• **What the task asks**: Print the listing below exactly, images excluded.

• **Data shown**:

--

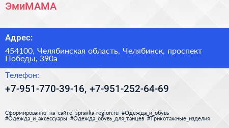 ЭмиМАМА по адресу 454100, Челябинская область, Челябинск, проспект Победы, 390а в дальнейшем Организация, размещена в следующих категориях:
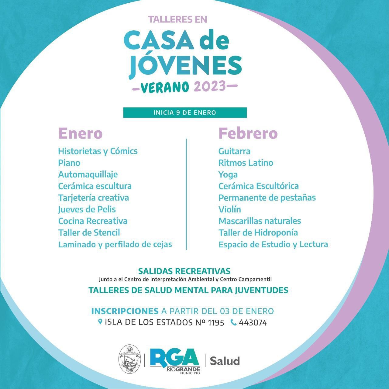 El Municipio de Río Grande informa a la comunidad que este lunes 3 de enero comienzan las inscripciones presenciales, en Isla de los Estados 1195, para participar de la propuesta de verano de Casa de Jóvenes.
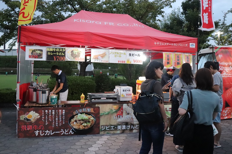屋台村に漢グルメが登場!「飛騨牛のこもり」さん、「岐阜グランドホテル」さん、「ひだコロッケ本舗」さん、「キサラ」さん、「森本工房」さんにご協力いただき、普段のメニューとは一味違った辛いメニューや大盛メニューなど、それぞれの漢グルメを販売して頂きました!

--

• **Response area**:
 ЭмиМАМА по адресу 454100, Челябинская область, Челябинск, проспект Победы, 390а в дальнейшем Организация, размещена в следующих категориях:
 El Municipio de Río Grande informa a la comunidad que este lunes 3 de enero comienzan las inscripciones presenciales, en Isla de los Estados 1195, para participar de la propuesta de verano de Casa de Jóvenes.
屋台村に漢グルメが登場!「飛騨牛のこもり」さん、「岐阜グランドホテル」さん、「ひだコロッケ本舗」さん、「キサラ」さん、「森本工房」さんにご協力いただき、普段のメニューとは一味違った辛いメニューや大盛メニューなど、それぞれの漢グルメを販売して頂きました!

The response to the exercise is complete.